Infonusa.co, Samarinda – Upaya pemerintah daerah di Kabupaten Penajam Paser Utara (PPU) dan Kabupaten Paser dalam memperluas penggunaan transaksi non-tunai terus diperkuat. Sistem pembayaran digital seperti QRIS dinilai menjadi bagian penting dalam mendorong modernisasi ekonomi daerah sekaligus meningkatkan efisiensi transaksi masyarakat.
Wakil Ketua DPRD Kalimantan Timur, Yenni Eviliana, menilai transformasi ke arah pembayaran non-tunai merupakan langkah yang relevan dengan perkembangan teknologi dan pola aktivitas ekonomi saat ini. Menurutnya, transaksi digital menawarkan kemudahan yang tidak dimiliki sistem tunai konvensional.
“Dengan non-tunai, orang tidak perlu membawa uang banyak. Prosesnya juga lebih cepat dan praktis,” kata Yenni.
Ia menambahkan, dari sisi keamanan, pembayaran digital dinilai mampu menekan potensi risiko kehilangan uang maupun tindak kriminal di ruang publik. Meski begitu, Yenni mengingatkan bahwa perubahan kebiasaan masyarakat tidak bisa dilakukan secara instan.
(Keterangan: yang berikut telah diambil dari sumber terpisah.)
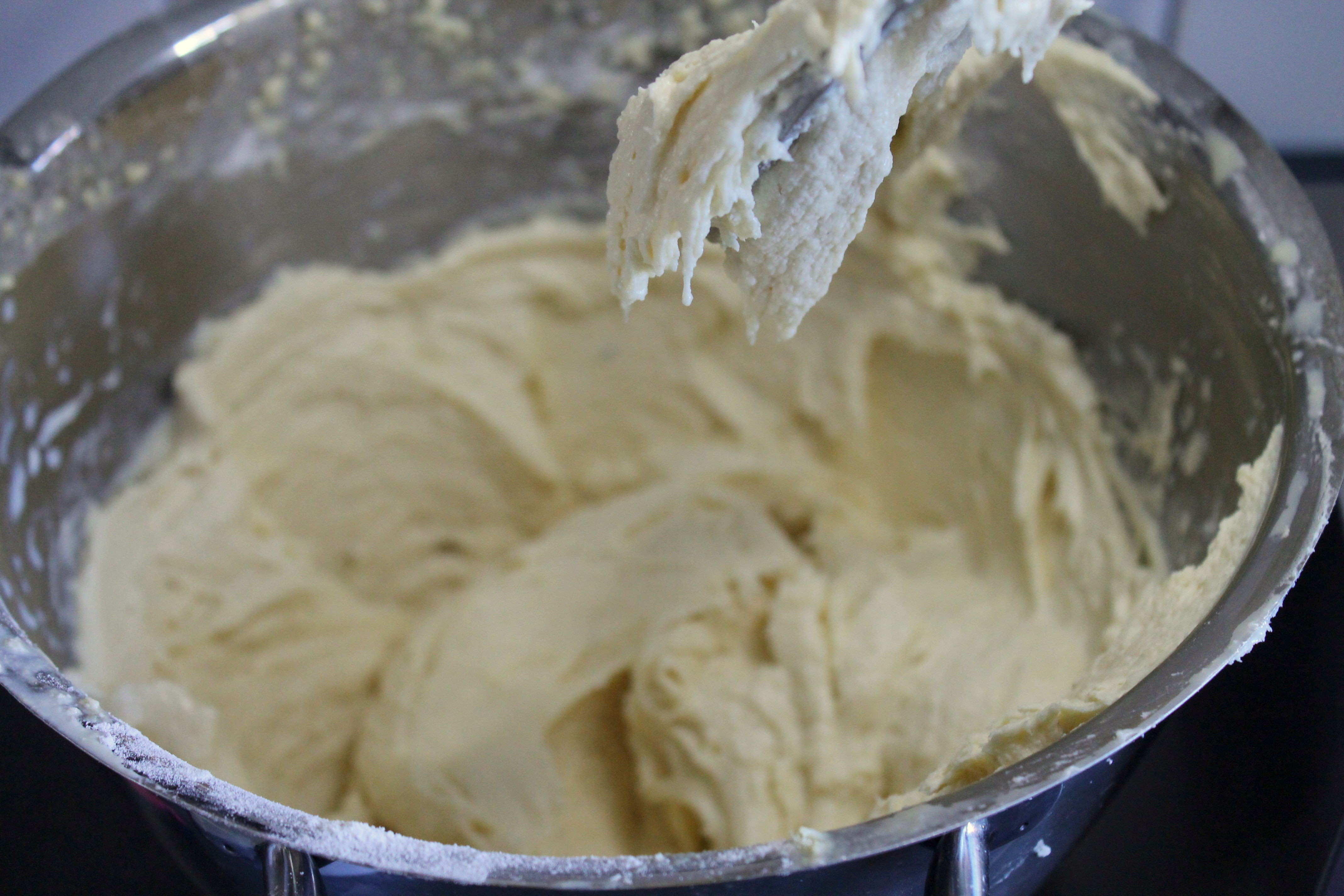 - Backpulver und Mehl hinzugeben und den Teig wieder gründlich vermischen. Der Teig sollte nun fest sein. Wenn man ihn mit 2 Löffeln auseinander zieht, sollte er reißen. Falls der Teig zu trocken ist, einfach mehr Pflanzenmilch hinzugeben und falls der Teig zu flüssig ist, dann einfach etwas mehr Mehl hinzugeben.
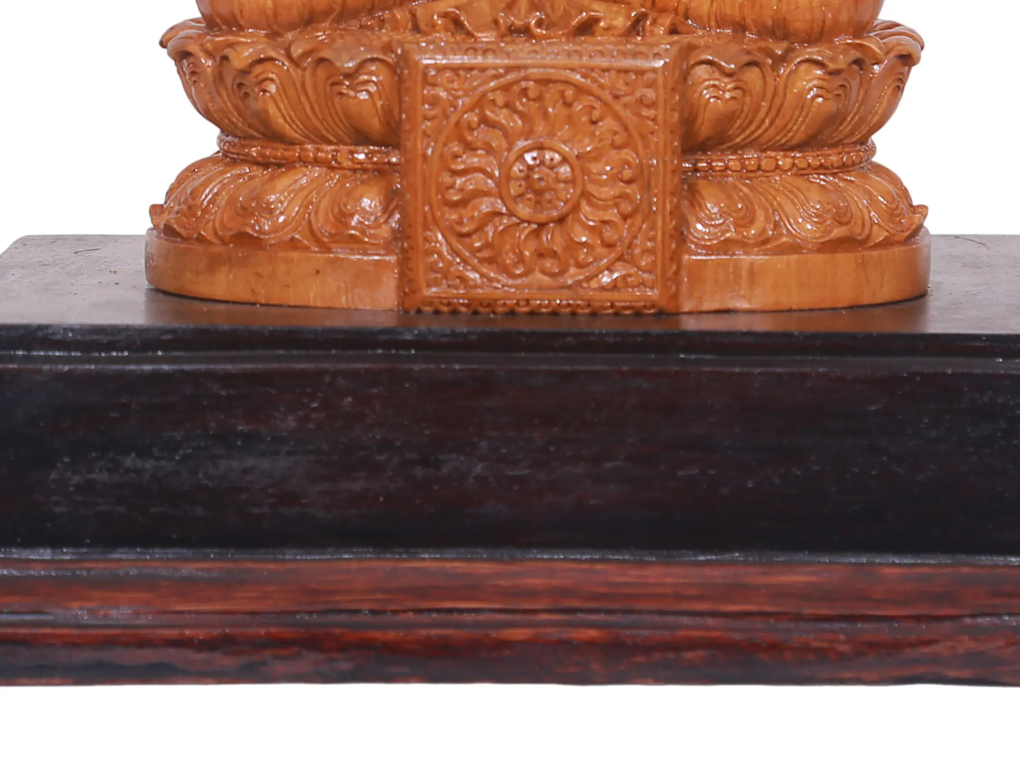 Invite a sense of profound peace and spiritual awareness into your home with this exquisite depiction of Lord Gautam Buddha. Crafted from fine teak wood, this statue captures the serene essence of the enlightened one as he shares his wisdom. The smooth, warm tones of the wood lend a natural beauty and timeless appeal to this sacred representation. The posture of the Buddha is significant. Seated in the traditional lotus position, he signifies a state of deep meditation and inner stillness. His right hand is raised, palm outward, in the gesture known as *abhaya mudra*, symbolizing protection, fearlessness, and reassurance. This gesture is a powerful reminder of the Buddha's compassionate presence, offering solace and dispelling anxieties. His left hand rests in his lap, palm upward, in the *dhyana mudra*, the gesture of meditation and concentration, further emphasizing his profound spiritual focus. The intricate detailing of the robe, with its graceful folds, speaks to the meticulous craftsmanship involved in creating this piece. The serene expression on the Buddha's face, with half-closed eyes, conveys a deep sense of contemplation and detachment from worldly concerns. Above his head, a beautifully carved halo or *ushnisha* represents his spiritual realization and the crown of wisdom. The base itself, adorned with intricate patterns, echoes the spiritual motifs found in Buddhist art and architecture, often drawing inspiration from the lotus flower, a symbol of purity, rebirth, and spiritual awakening. This statue is more than just a decorative object; it is a focal point for mindfulness and contemplation. In Buddhist tradition, the Buddha's teachings, the Dharma, are the path to liberation from suffering. To gaze upon an image of the Buddha in the act of teaching or offering solace can serve as a constant inspiration to cultivate wisdom, compassion, and inner peace in one's own life. The teak wood, known for its durability and rich grain, ensures that this sacred representation will be a cherished item for generations, a tangible connection to ancient wisdom and enduring spiritual principles.

“Tidak semua masyarakat siap langsung beralih. Masih ada yang nyaman dengan uang tunai, terutama di daerah. Karena itu, penerapannya harus bertahap dan disesuaikan dengan kondisi,” jelasnya.
Yenni juga menekankan pentingnya peningkatan literasi digital seiring dorongan penggunaan transaksi non-tunai. Edukasi yang berkelanjutan, menurutnya, akan membantu masyarakat memahami manfaat serta cara penggunaan sistem pembayaran digital secara aman.
Ia berharap penguatan ekosistem transaksi non-tunai di PPU dan Paser tidak hanya mempermudah aktivitas ekonomi, tetapi juga mendorong terciptanya sistem keuangan daerah yang lebih transparan, modern, dan efisien.